Today, more than 3 billion people rely on fish for a large portion of their diet, and the European Commission reports that global seafood consumption has more than doubled over the past 50 years.1 While worldwide demand for fish has seen a sharp increase, wild fishing simply cannot keep up with this demand, largely due to overfishing.
Aquaculture, the farming of freshwater and saltwater fish and other aquatic creatures and plants, is practiced globally by a wide variety of farmers, from one-person farms in developing countries to multinational corporations. The farming of fish provides an answer to the limited availability of wild fish, and the world now produces more farmed fish than farmed beef.
Aquaculture is a significant industry in Norway, where climate and natural conditions make it an ideal location for fish farming. The country is the world’s largest producer of Atlantic salmon, but also farms rainbow trout, mussels, Atlantic halibut, and other aquatic species.
In Norway, a fish farm of 1 million salmon can be managed by just a few farmers who handle the daily feeding and ensure the overall well-being of the salmon. Most fish farmers in Norway operate a central feeding system with tubes to deliver feed to the fish in their cages. The farmers monitor the feed process via multiple cameras placed near the cages and look at the behavior of the fish to judge when to start, adjust, or stop feeding.

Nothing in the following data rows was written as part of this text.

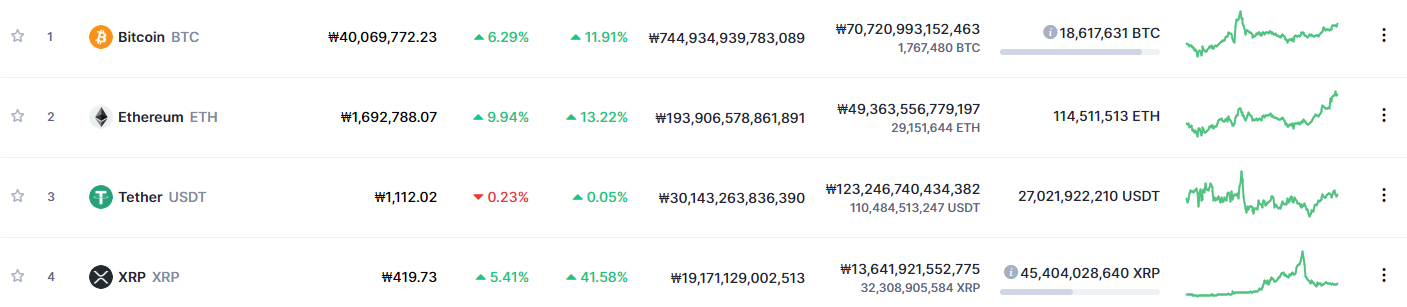 코인 시가총액 순위(출처 : https://coinmarketcap.com)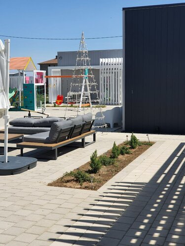 Современные, уютные домики, вокруг — идеальная чистота и ухоженность. Бассейн с прозрачной водой — отдельное удовольствие, особенно в жаркий день. Атмосфера спокойная, расслабляющая, как будто время здесь течёт по-другому.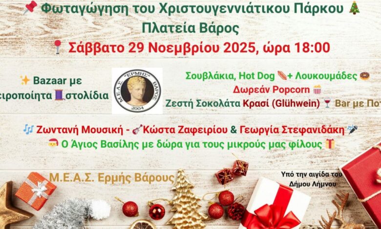 Η μαγεία των Χριστουγέννων έρχεται στη Λήμνο! Το Σάββατο 29 Νοεμβρίου 2025 και ώρα 18:00, η Πλατεία του Βάρους θα γεμίσει φως, χαρούμενες παιδικές φωνές, μουσική και γιορτινή διάθεση με την επίσημη φωταγώγηση του Χριστουγεννιάτικου Πάρκου.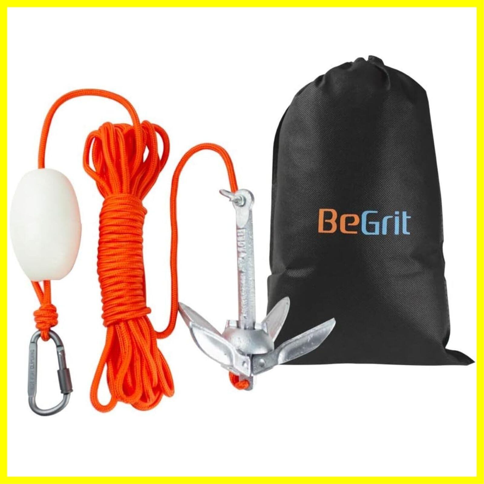 BeGrit カヤックアンカー セットボートアンカー0.7/1.5KG 船用アンカー 折り畳み アンカー 6mm 10m アンカー牽引ロープ 小型ボート SUP 浅湖 釣り アンカーキット アルミDリング ブイボール 収納袋付き

Unfortunately, lack of light, the water, and low-resolution cameras create poor camera visibility, a problem made worse by the lack of daylight in Norway in the winter. Farmers often have trouble getting a clear idea of what is happening during the feeding process.
A poorly managed feed process can lead to feed waste, and significant food spillage can pollute the seabed around the fish farm. On the other hand, poor visibility could lead to the potential for underfeeding the fish and reducing their biomass.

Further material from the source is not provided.